In this study, we observed SET KD decreased tumorigenic potential of SET-low expressing CMeC-2, but not SET-high expressing CMeC-1. Consistent with this observation, SET inhibitors more effectively killed CMeC-2 melanoma cells. Although increased SET expression and its correlation with adverse prognosis were observed in various human tumors [6, 8], our unexpected results suggest that a higher level of SET expression does not always mean a higher contribution for tumorigenic potential. The molecular mechanism of this complexity remains unknown, but genetic mutations or differences in post-translational modifications on SET may contribute to this mechanism. Species differences may also play a role in this result, because dogs specifically express a carboxy-terminal truncated version of SET, which can associate with PP2A [22], but may not associate as well with other tumor suppressors.
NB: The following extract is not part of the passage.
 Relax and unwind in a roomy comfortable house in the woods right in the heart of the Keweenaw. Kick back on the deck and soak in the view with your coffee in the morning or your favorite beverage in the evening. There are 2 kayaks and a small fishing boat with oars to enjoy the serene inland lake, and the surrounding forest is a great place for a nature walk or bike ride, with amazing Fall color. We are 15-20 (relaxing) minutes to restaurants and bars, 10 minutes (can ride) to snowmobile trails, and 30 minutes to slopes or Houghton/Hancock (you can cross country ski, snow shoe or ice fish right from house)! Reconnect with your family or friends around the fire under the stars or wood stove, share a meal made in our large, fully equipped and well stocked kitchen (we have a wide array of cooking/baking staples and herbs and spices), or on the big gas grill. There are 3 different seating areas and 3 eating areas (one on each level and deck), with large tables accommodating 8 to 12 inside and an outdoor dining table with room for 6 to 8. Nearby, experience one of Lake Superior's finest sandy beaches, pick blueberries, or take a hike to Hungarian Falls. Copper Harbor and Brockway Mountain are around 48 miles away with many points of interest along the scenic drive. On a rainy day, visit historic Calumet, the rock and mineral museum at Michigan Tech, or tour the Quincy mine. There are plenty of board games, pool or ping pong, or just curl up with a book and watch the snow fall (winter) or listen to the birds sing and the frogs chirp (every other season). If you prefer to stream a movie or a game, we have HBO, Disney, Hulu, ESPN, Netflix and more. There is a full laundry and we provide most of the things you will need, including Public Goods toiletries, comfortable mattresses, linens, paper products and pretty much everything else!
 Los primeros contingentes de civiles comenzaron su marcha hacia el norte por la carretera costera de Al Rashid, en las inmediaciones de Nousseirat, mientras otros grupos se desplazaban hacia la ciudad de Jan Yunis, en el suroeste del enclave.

We observed that SET KD decreased cell proliferation, invasion and colony formation of CMeC-2, indicating an important role of SET in the tumorigenic potential of CMeC-2. It has been reported that SET increases c-Myc protein levels [14], but we did not observe decreased c-Myc expression by SET KD in CMeC-2. ERK1/2, Akt/PKB, NFκB, Wnt/β-catenin and mTOR/p70 S6 kinase signaling are frequently upregulated in tumors, and PP2A has been reported to suppress these tumor promoting signals [16]. Among them, we observed decreased phosphorylation levels of p70 S6 kinase Thr412 (corresponding to human Thr389) by SET KD, which is the target of mTOR. Going further, it has been reported that PP2A directly associates with p70 S6 kinase, and knockdown of one of the regulatory subunits of PP2A enhances p70 S6 kinase Thr389 phosphorylation [12, 21]. These results suggest that SET KD restored PP2A activity which suppressed p70 S6 kinase phosphorylation, leading to decreased tumorigenic potential of canine melanoma cells.
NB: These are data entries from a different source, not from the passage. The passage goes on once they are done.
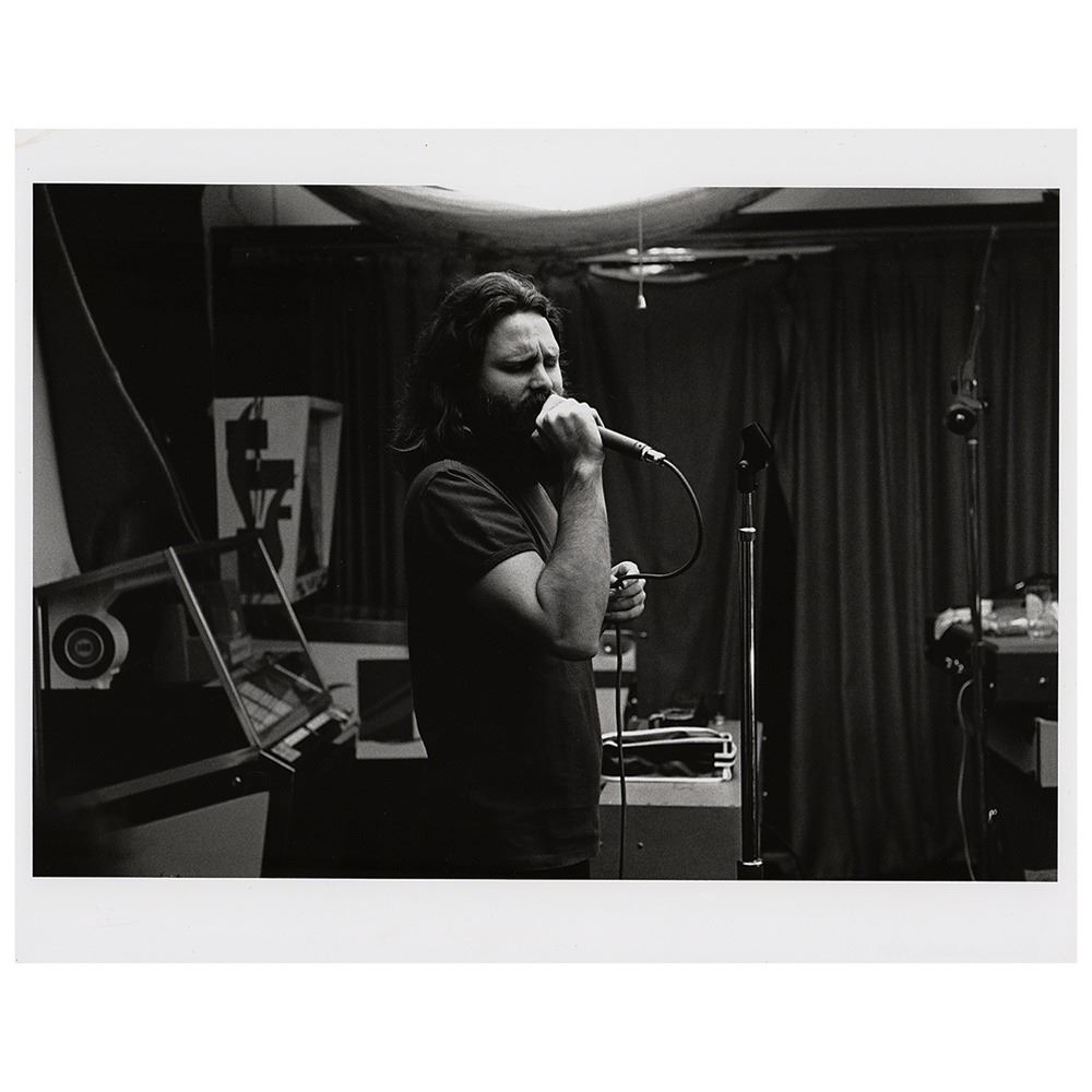Appealing original satin-finish 14 x 11 photo of Jim Morrison by Frank Lisciandro, depicting the Doors’ bearded frontman singing in the band’s Hollywood rehearsal space. The reverse bears Lisciandro’s handwritten copyright notation dated to 1981. In fine condition.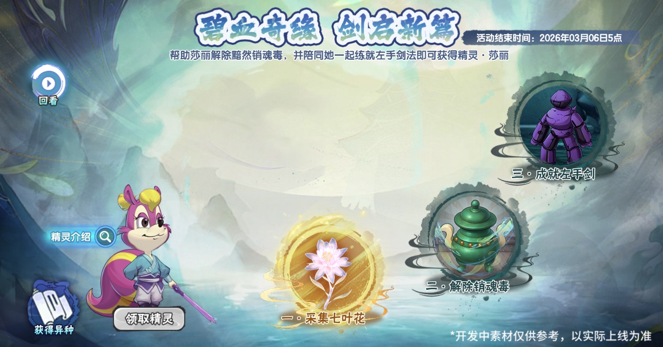 化身神医,采集七叶花,探寻药谷搜集辅材,调配药方为莎丽祛除体内四重毒素。陪伴莎丽前往独臂剑冢,与她并肩作战通过10层机关人试炼,练就绝世“左手剑法”。完成活动即可免费获得联动精灵·莎丽!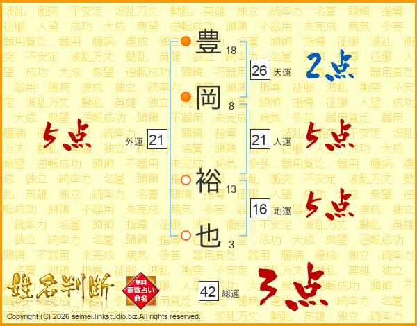 豊岡裕也さんの人運は21画の5点!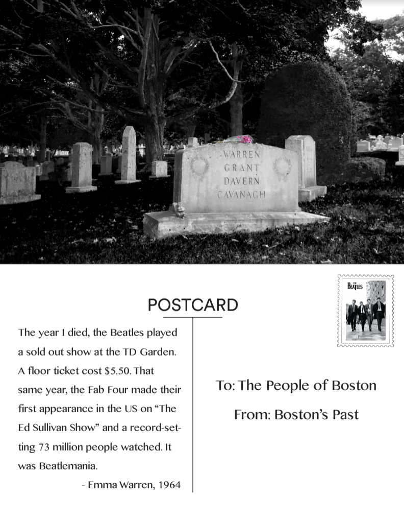 How are we honored after death? What memories of us are left behind? How much does the world change without us, after we’re gone? This series of postcards captures the essence of life after death -- showing us how the monuments of our memory are interacted with for years after we’re gone. The written notes contextualize us and reminds us of Boston’s rich history, showing us how the city has evolved and diversified over time. The noir photos in contrast with the individual color emphasizes the ephemerality of livelihood, even in areas that seem so void of life, at the surface.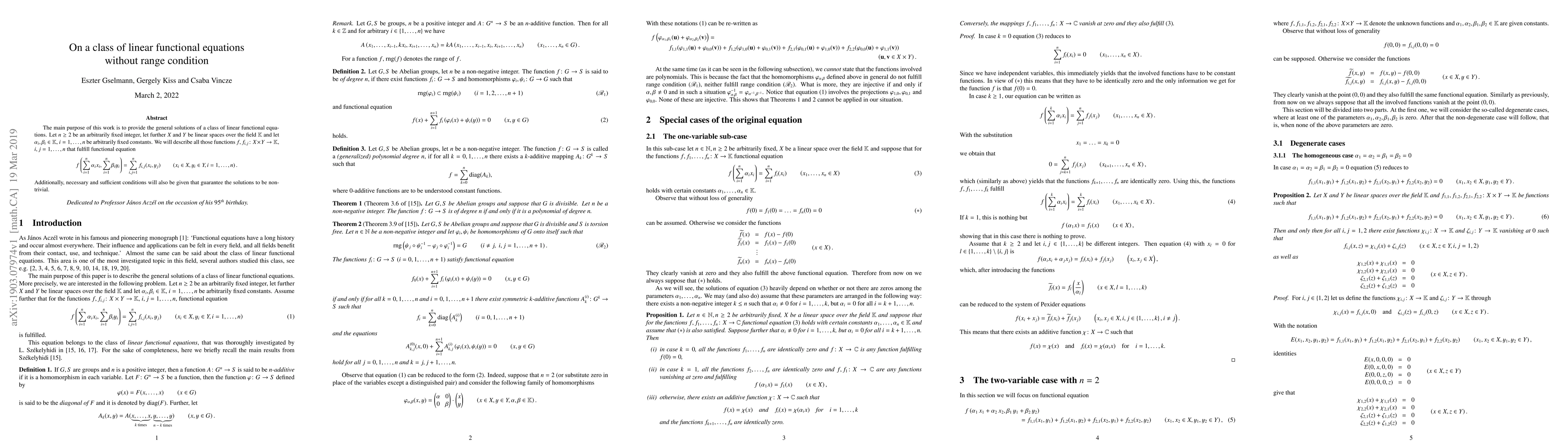 This paper presents general solutions for a specific class of linear functional equations, involving functions f and f_ij from linear spaces X and Y over field K, without requiring a range condition. It also provides conditions for non-trivial solutions.
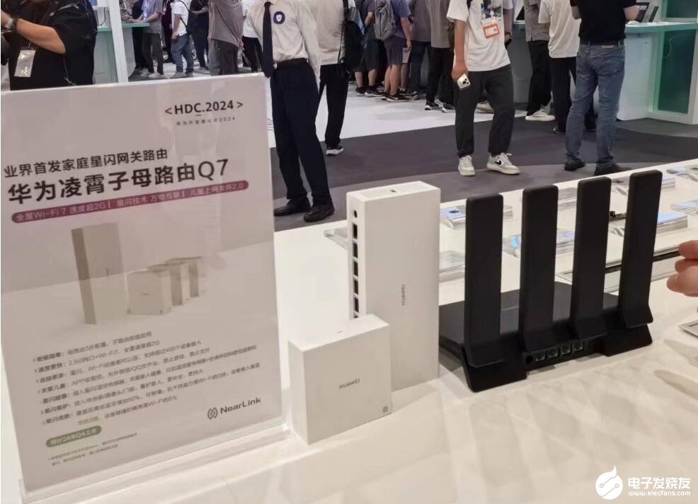 针对多个房间,多设备的接入场景,华为凌霄子母路由器Q7闪亮登场,这是业界首发的家庭星闪网关路由,产品搭载2.5G网口+Wi-Fi7,全屋Wi-Fi7速度超过2G,星闪、Wi-Fi设备都可以连,海思展台人员表示,这台路由器可以支持超过400个设备接入,预计2024年第四季度上市。

We tested a potential therapeutic role for SET inhibitors, OP449 and FTY720, in canine melanoma. Previously, we reported that OP449 selectively induced apoptosis for SET high-expressing canine lymphoma cells [10]. However, in this study, both OP449 and FTY720 have more potent effects on SET low-expressing CMeC-2 cells. While protein levels of SET may be a biomarker for disease severity, these results do not support that SET levels predict the response of SET-targeting drugs in canine melanoma. Interestingly, effects of OP449 and FTY720 on CMeC-1 were different, i.e. 5 µM of OP449 killed almost 60% of CMeC-1 in 24 hr, but even treatment with 10 µM of FTY720 for 48 hr could not induce cell death, although it suppressed cell proliferation (data not shown). Because FTY720 is phosphorylated by sphingosine kinase 2, and phospho-FTY720 downregulates sphingosine-1-phosphatase receptor 1, a lack of potency, a lack of penetration into the cell or a PP2A independent mechanism may produce this inconsistency. Nonphosphorylated forms of FTY720, such as FTY720-Ome and FTY720-regioisomer, may provide effective tools to resolve this lack of effect.